Your instructions →
For this exercise, return only the lines in the records below from the one holding "1–4. Acesse a" through the one holding "Жидкая Омега 3", including both, exactly as they appear and without pictures.

Provided data →
######
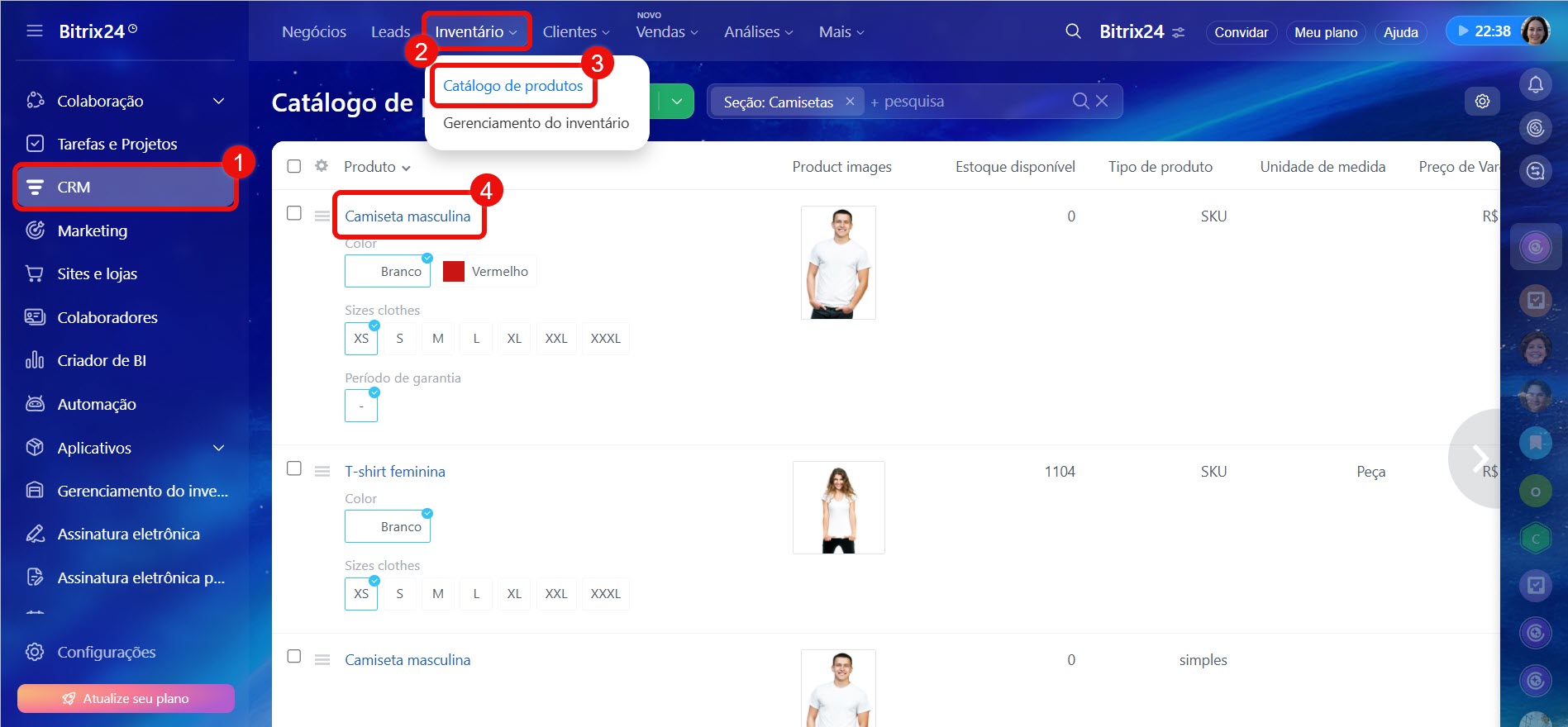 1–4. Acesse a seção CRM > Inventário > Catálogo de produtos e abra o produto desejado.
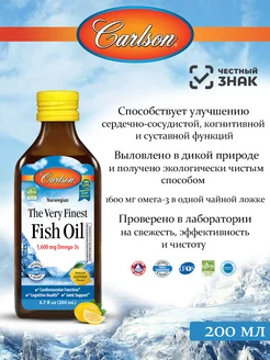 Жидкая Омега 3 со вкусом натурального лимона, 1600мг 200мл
######
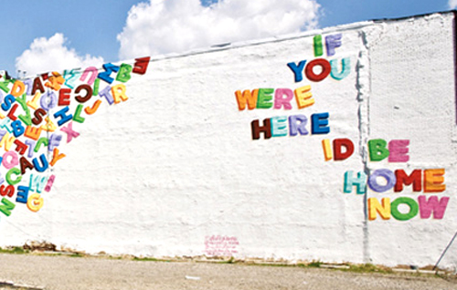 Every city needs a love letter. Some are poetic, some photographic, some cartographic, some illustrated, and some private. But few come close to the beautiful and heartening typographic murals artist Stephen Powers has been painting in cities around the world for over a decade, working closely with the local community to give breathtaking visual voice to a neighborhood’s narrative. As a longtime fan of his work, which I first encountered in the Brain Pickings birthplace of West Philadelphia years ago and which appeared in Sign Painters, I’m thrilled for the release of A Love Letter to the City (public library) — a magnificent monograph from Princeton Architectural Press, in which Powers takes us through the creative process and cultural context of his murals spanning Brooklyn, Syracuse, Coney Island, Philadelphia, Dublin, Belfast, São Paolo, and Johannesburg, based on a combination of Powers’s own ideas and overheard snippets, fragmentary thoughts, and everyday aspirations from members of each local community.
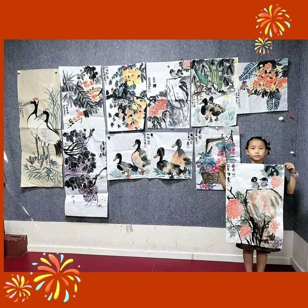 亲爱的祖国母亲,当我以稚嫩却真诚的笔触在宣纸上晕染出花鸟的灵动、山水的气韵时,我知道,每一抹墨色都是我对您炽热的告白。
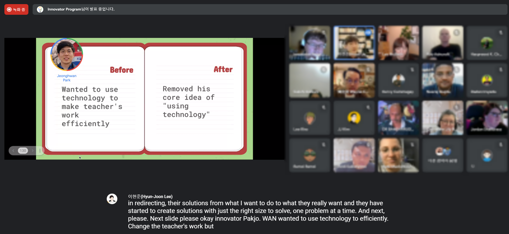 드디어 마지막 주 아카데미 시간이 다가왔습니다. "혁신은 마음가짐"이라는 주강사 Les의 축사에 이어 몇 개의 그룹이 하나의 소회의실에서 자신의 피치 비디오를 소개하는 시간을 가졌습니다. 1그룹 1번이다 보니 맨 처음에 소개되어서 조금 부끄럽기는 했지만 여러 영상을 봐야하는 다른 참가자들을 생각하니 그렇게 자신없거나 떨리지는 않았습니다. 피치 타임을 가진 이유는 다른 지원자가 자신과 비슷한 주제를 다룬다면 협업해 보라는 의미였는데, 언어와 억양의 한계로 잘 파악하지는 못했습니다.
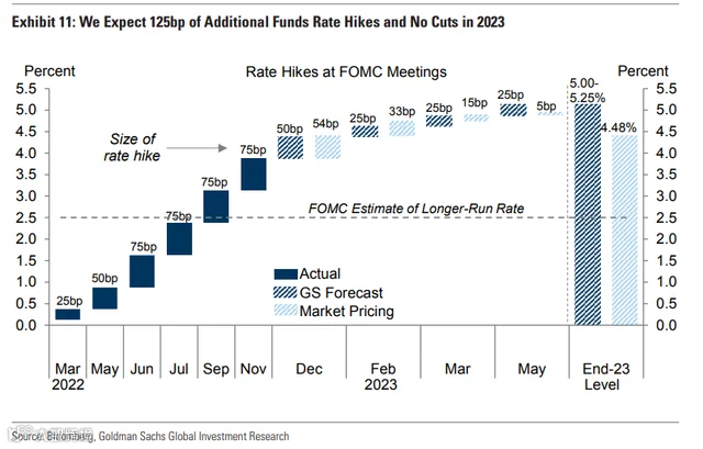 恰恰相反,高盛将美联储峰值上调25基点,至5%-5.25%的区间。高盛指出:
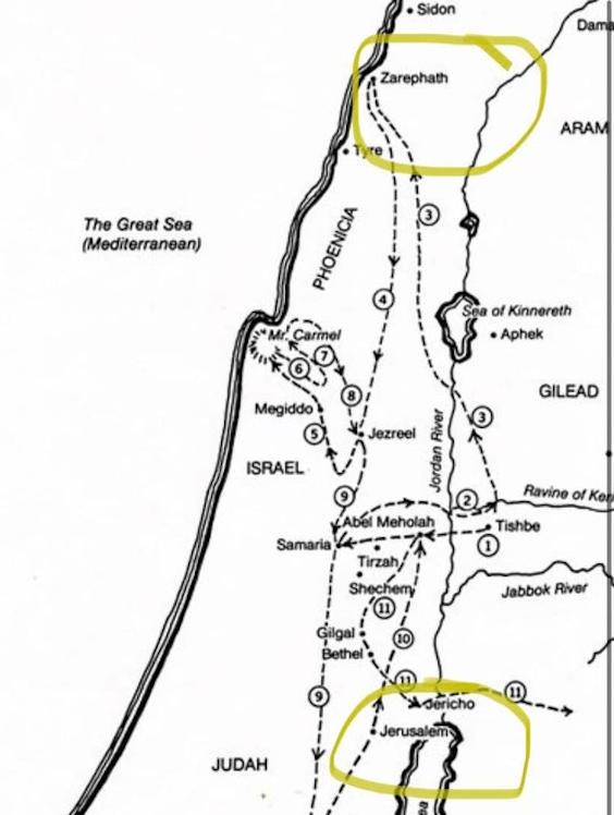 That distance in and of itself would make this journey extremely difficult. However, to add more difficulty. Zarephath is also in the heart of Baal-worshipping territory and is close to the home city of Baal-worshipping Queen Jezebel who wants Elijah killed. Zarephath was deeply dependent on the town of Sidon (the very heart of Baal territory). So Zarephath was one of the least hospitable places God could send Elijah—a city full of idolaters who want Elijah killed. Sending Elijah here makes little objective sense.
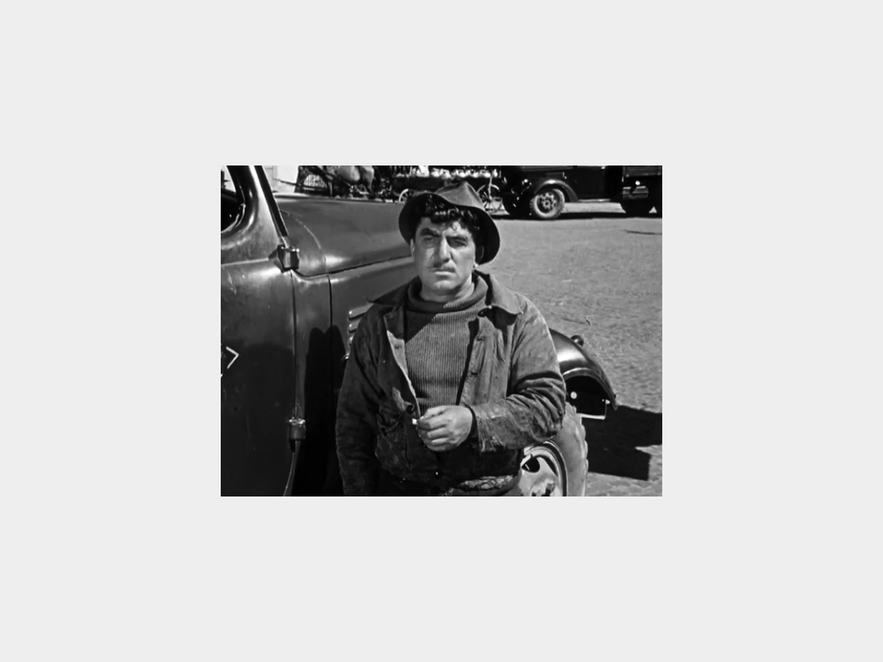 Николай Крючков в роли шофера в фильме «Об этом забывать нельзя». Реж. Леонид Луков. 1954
######
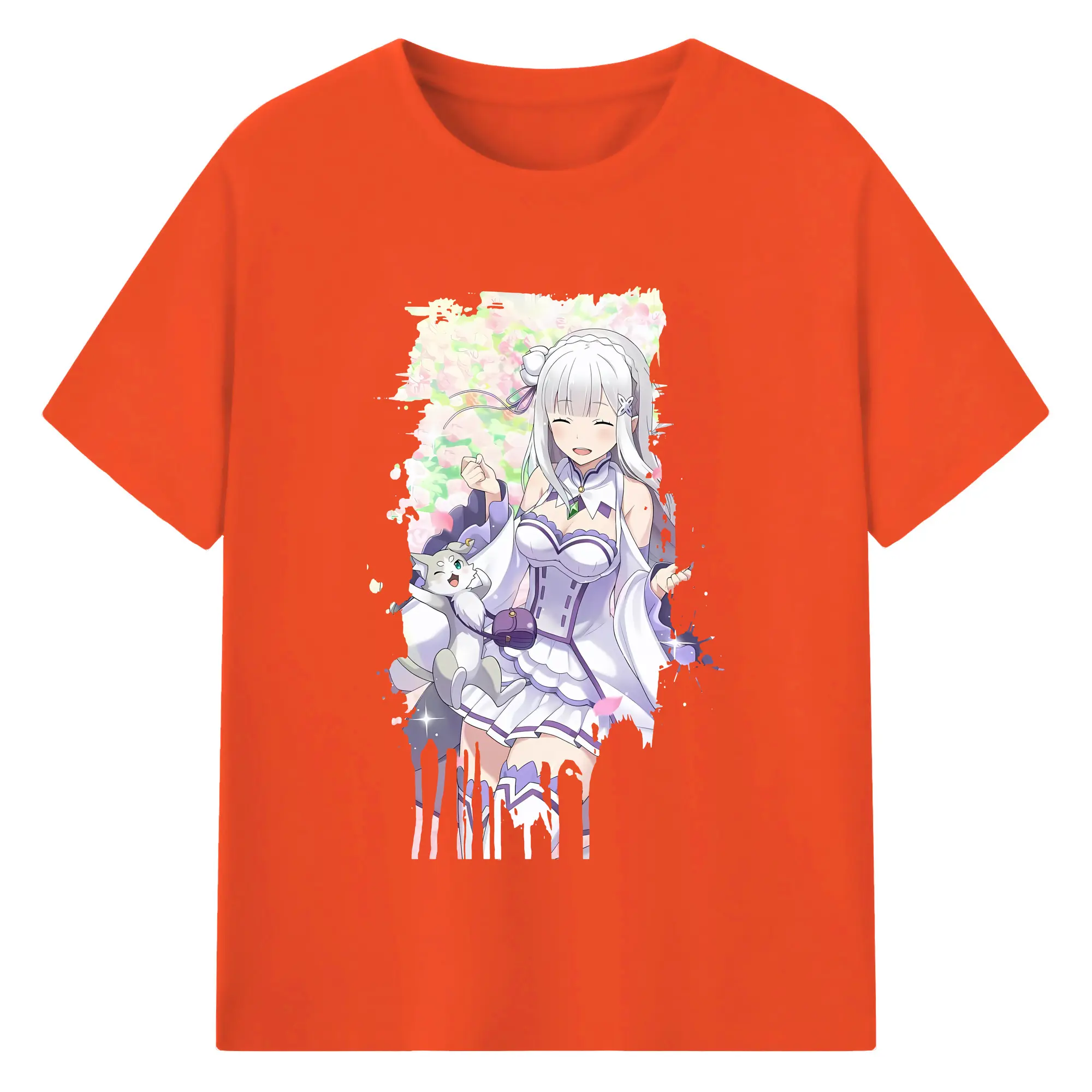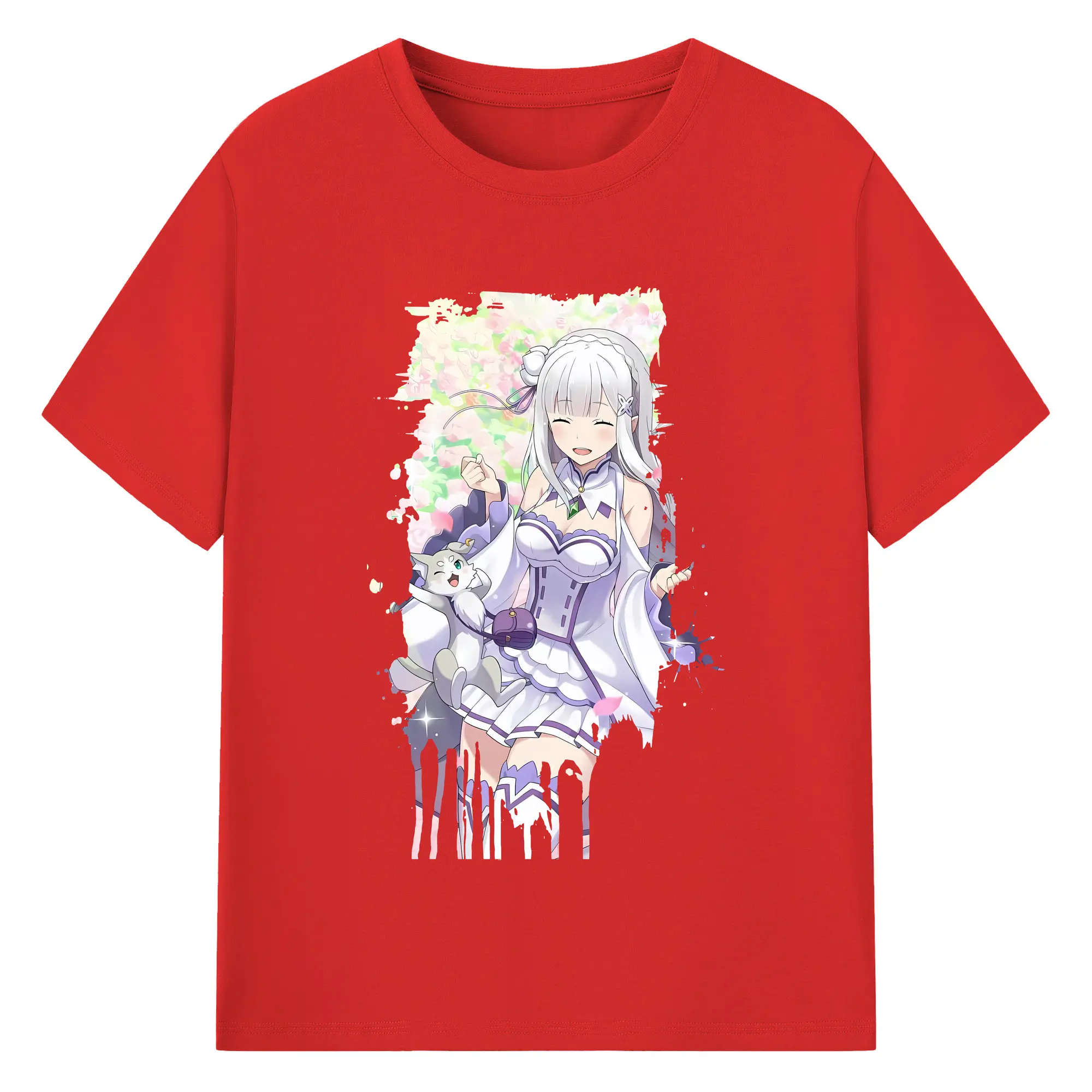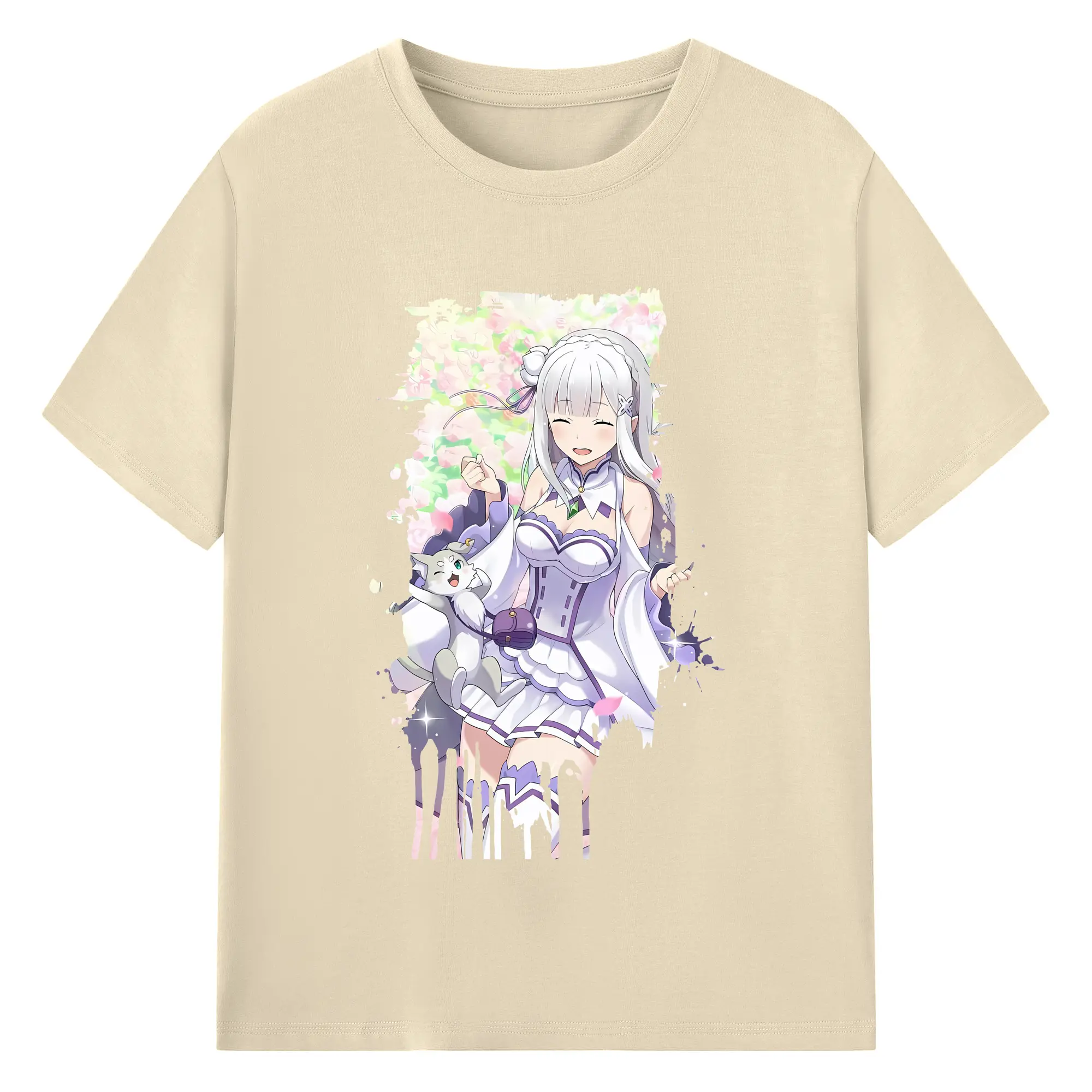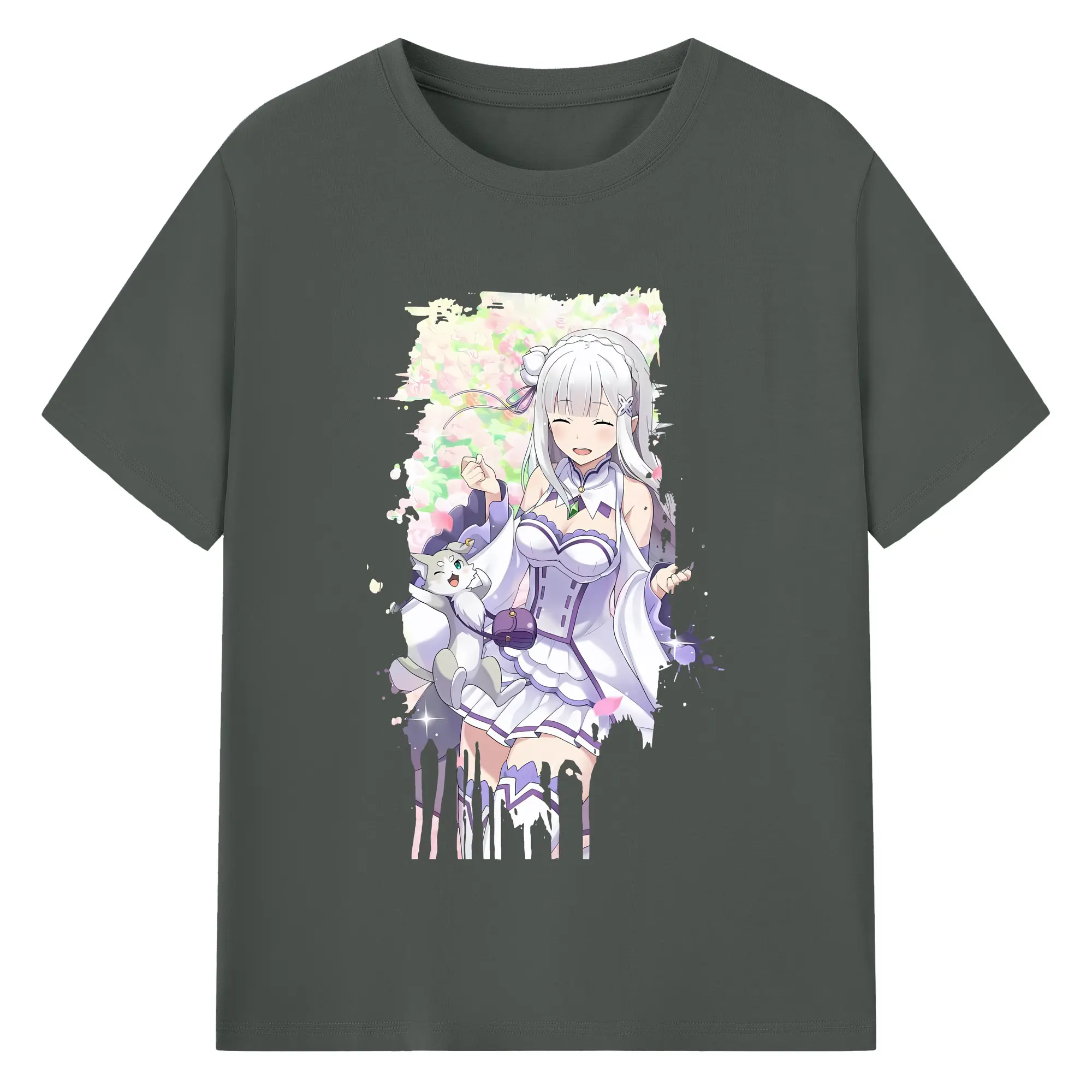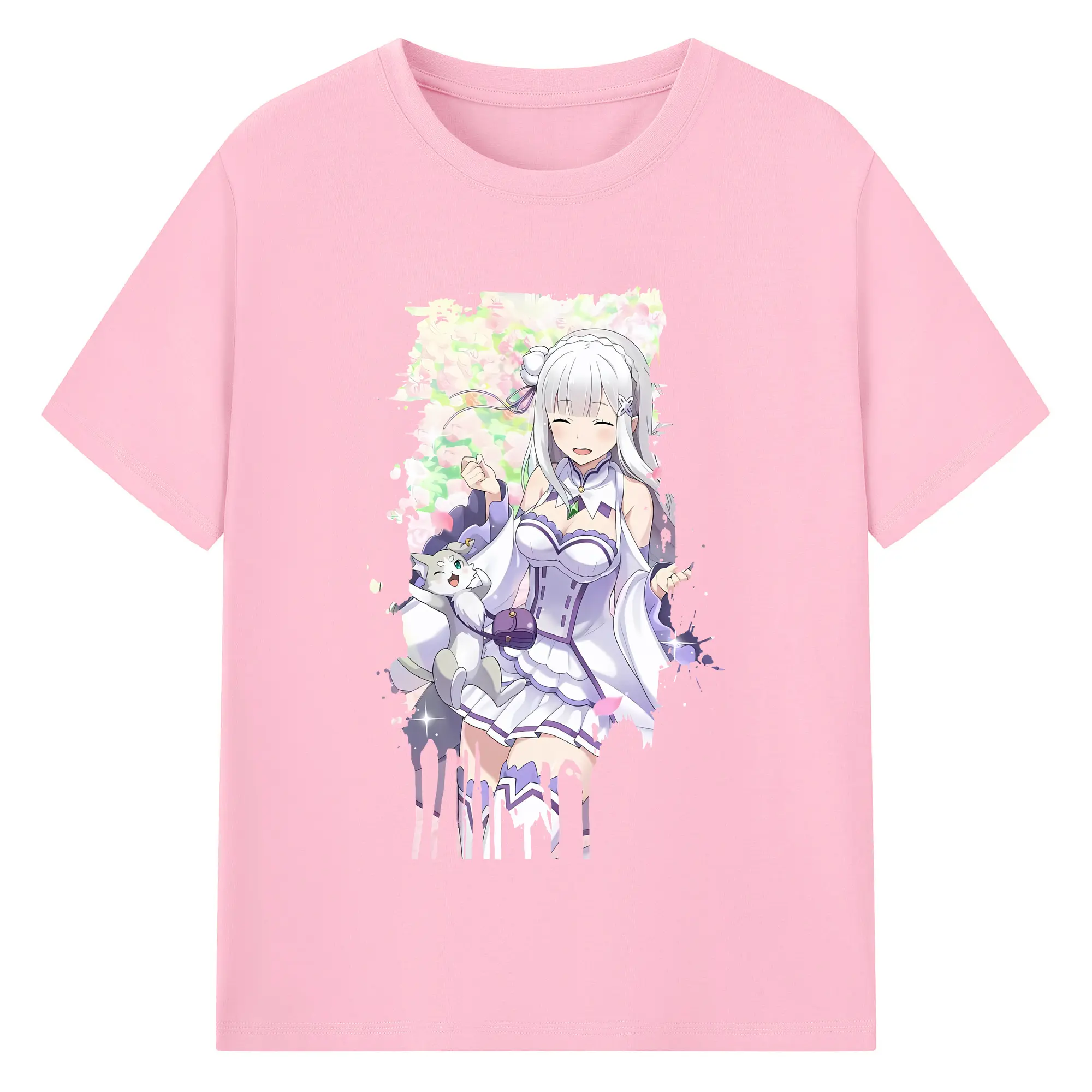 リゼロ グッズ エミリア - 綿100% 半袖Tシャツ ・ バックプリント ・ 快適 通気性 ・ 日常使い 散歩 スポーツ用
######
Solution to the problem →
 1–4. Acesse a seção CRM > Inventário > Catálogo de produtos e abra o produto desejado.
 Жидкая Омега 3 со вкусом натурального лимона, 1600мг 200мл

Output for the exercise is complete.